Obradovic’in varlığının bile pozitif bir unsur olduğunu vurgulayan 2002 doğumlu oyuncu, şunları belirtti:
”BGL’de birçok yetenekli ve beğendiğim oyuncular var. Aralarında milli takımlara gidenler de var. Birini söylediğimde diğerine haksızlık olabilir. Sınırlı sayıda değil çünkü beğendiğim oyuncu sayısı. Gerçekten çok kaliteli oyuncular var, zaten buradan çıkıp üst liglerde süre alanlar da oluyor, kimisi yurt dışına çıkıp oynuyor. Bu da zaten kaliteyi gösteriyor.”
”Zeljko Obradovic’in olduğu bir organizasyonda olmak heyecan vericiydi. Obradovic, Bandırma maçımızı izlemişti. O gün bir diz gelmişti bana, savunmada iyi oynadığı ama genel olarak kendimi yeterli görmediğim bir maç olmuştu. Obradovic’in varlığı bile o an insana pozitif bir etki yapıyordu. İnanılmaz biriydi.
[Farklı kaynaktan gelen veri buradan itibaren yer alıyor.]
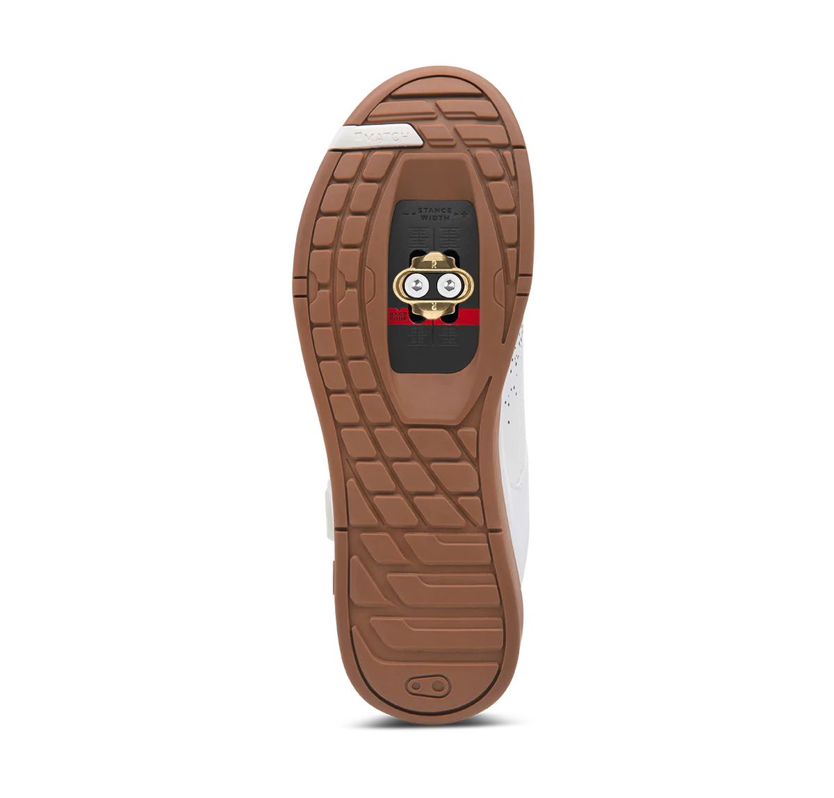 The ramped cleat box offers easy front and rear pedal entry and mud shedding. A Race Zone setback on the cleat track allows the cleat to be positioned further toward the heel for added control and stability when descending.
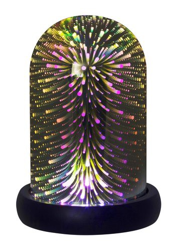 Asztali dekor lámpa beépített energiatakarékos LED izzóval, színes, tükröződő felülettel. 15 cm magas és 10 cm átmérőjű, fekete és króm színű, fémből és műanyagból készített szerkezet üveg búrával, IP20-as védettséggel. A DC 4,5V-os kialakítású, 3 db AAA elemmel működtethető lámpatest, teljesítménye 0,5W, amelyhez a dekorációs fény alapjaként 100 lumen fényerő társul. Színhőmérséklete hidegfehér (6500 Kelvin). A lámpatestben a izzó nem cserélhető, illetve az elemek nem tartozékok.

Gördüğü zaman selam veriyordu, bu insanı inanılmaz etkiliyordu. Bu kadar büyük bir koçun bunları yapması insanı gururlandırıyordu. Onunla çalışmayı gerçekten çok isterdim.”
”Şimdi ise Igor Kokoskov gibi bir marka geldi. Böyle isimlerin gelmesi de büyük motivasyon. Elbette Obradovic’le çalışmamamın bir hüznü var. Onunla çalışıp, onun oyuna olan bakış açısını daha iyi öğrenmek isterdim.”
– Kimine göre Bogdan kimine göre Mert Hakan
Röportajın son bölümünde biraz konu dışına çıkmak istedik. Özellikle son dönemlerde Emre’yi Fenerbahçe futbol takımında forma giyen Mert Hakan Yandaş’a benzetenler de oluyor.
Hem bu konuda hakkındaki cevabını alırken, hem de boş zamanlarında neler yaptığını kısaca anlattı:
”Arkadaşlarım yüz hatlarımı Bogdan Bogdanovic’e benzetiyorlardı. İlk başlarda ben kendimi çok benzetemiyordum ama sosyal medyada çok gördüm, Mert Hakan Yandaş’a da benzetenler oluyor. Hatta bu konuda farklı espriler yapanlar da var.”
”Dürüst olmak gerekirse sürekli kitap okuyorum diyemem. Okuduğum kitaplar var ama aslında bunu süreklilik haline getirmem gerekiyor dediğim bir konu bu. Yakın çevremle vakit geçirmeyi seviyorum. Çok fazla geç saatlere kalmayı da sevmiyorum. Profesyonel yaşamaya gayret ediyorum.”